# My wife watches lesbian porn and doesn't know I found out!



## Scanner (Jan 13, 2012)

So I truthfully stumbled (did not snoop!) across a bunch of lesbian porn and google searches for lesbian sex on my wife's devices. When I saw it I was very shocked. I thought for sure it was a mistake or someone must have gotten a hold of her device without her knowledge. You see, in our house it is generally not a talked about topic (porn). I do watch porn myself so I'm not trying to be hypocritical in anyway. She's aware I have done it but we don't speak of it but in rare instances. She did admit to me some years back that she masturbated once. That was sort of a big deal to her to admit that to me. (lots of shame and guilt tied in for her on this I think)

Anyway, after careful back tracking I can say with certainty it was her watching it and it appears it was a few days ago and then the last time I found traces was a few months ago. 

So, my question is, how do I approach this? Should I even approach it with her? 

Looking for thoughts and suggestions from both the H and W that have been in this situation and just any advice in general is appreciated.

For the record, our sex life is much more active than most of our friends. We engage several times a week on average and both appear to be very "into" each other, however we are not all that adventurous-which is partially why this finding was such a surprise to me.


----------



## EleGirl (Dec 3, 2011)

Ask her if she wants to watch lesbian porn with you. She might surprise you.


----------



## Scanner (Jan 13, 2012)

EleGirl said:


> Ask her if she wants to watch lesbian porn with you. She might surprise you.


That's one idea but I fear she will be too ashamed and it would be awkward. Plus, not even sure I want that. Seems like a slippery slope.


----------



## Stonewall (Jul 5, 2011)

No don't bring it up. She is enjoying herself and being sneaky is part of the fun. Let her have her fun. If you let on you know it will probably spoil it for her and make her feel embarassed.

This tells you what turns her on so use it carefully to enhance your sex life.

Thats my 2 cents.


----------



## tacoma (May 1, 2011)

Why approach it at all unless it's creating trouble?
_Posted via Mobile Device_


----------



## RandomDude (Dec 18, 2010)

Hahaha reminds me of wifey, BI-IN-DENIAL.


----------



## Mistys dad (Dec 2, 2011)

Hhmm

I'm trying to figure out in my head if I would rather find out my wife watched lesbian porn, "regular" porn, or gang bang porn.

I'm going with the lesbian porn.


----------



## RandomDude (Dec 18, 2010)

Mistys dad said:


> I'm going with the lesbian porn.


:rofl: :smthumbup:


----------



## Hope1964 (Sep 26, 2011)

I kinda like lesbian porn.
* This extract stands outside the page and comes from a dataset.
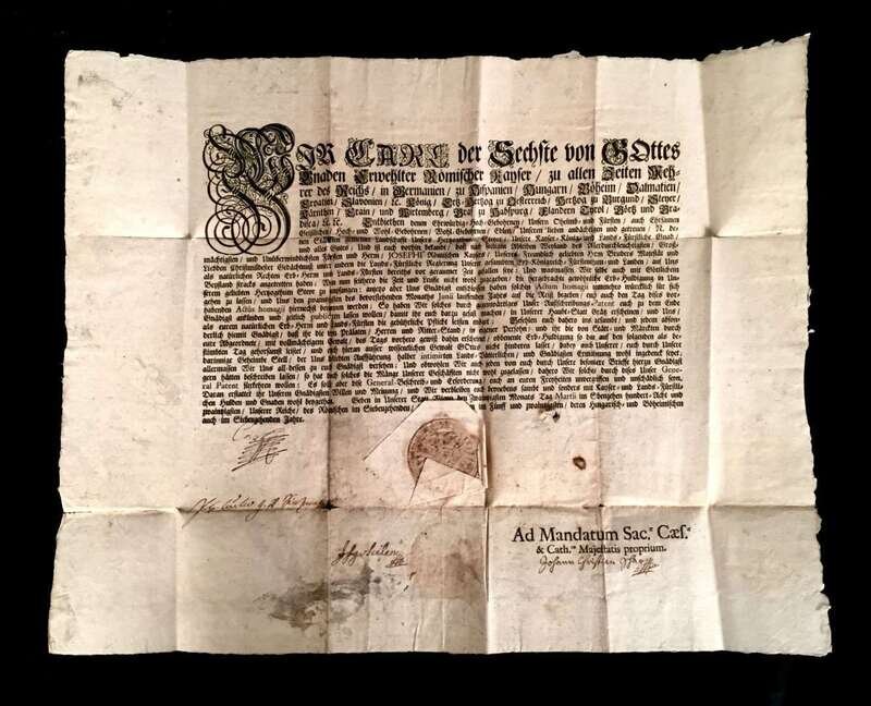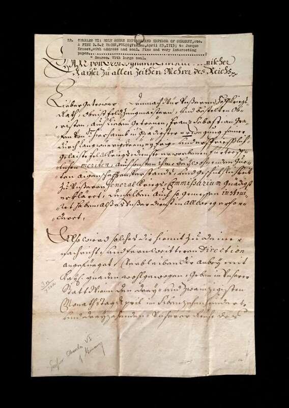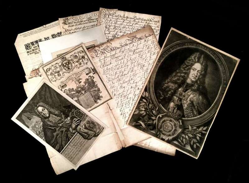 (Manuscripts : European Regents). Charles VI, Holy Roman Emperor (1711--1740). Dossier of Eight (8) Documents Signed.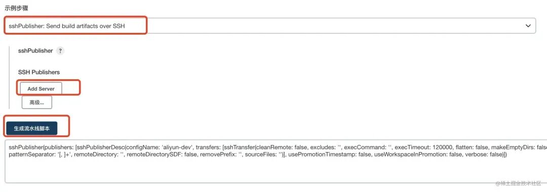 4,选择 sshPublisher: Send build artifacts over SSH,像上面流水线一样配置之后直接生成代码即可。

I watch it with my hubby though. Usually. If he found out I watch it by myself sometimes - heck, if he found out I watch ANY porn by myself once in a while - I'd probably be slightly embarrassed but it wouldn't be THAT big a deal. Who knows, maybe he DOES know and just thinks it's amusing.


----------



## CandieGirl (Apr 27, 2011)

Hope1964 said:


> I kinda like lesbian porn. I watch it with my hubby though. Usually. If he found out I watch it by myself sometimes - heck, if he found out I watch ANY porn by myself once in a while - I'd probably be slightly embarrassed but it wouldn't be THAT big a deal. Who knows, maybe he DOES know and just thinks it's amusing.


Lesbians wig me out! No offence, if there are any lesbians reading...


----------



## RandomDude (Dec 18, 2010)

Hope1964 said:


> I kinda like lesbian porn. I watch it with my hubby though. Usually. If he found out I watch it by myself sometimes - heck, if he found out I watch ANY porn by myself once in a while - I'd probably be slightly embarrassed but it wouldn't be THAT big a deal. Who knows, maybe he DOES know and just thinks it's amusing.


And this is why I swear that almost all women are BI-IN-DENIAL just like wifey!
:rofl:


----------



## Hope1964 (Sep 26, 2011)

Oh, I am not in denial. I'm pretty sure I am somewhere on the spectrum


----------



## that_girl (Jul 6, 2011)

Mistys dad said:


> Hhmm
> 
> I'm trying to figure out in my head if I would rather find out my wife watched lesbian porn, "regular" porn, or gang bang porn.
> 
> I'm going with the lesbian porn.


No offense, but I hate your avatar. I hate anything that depicts people like that. 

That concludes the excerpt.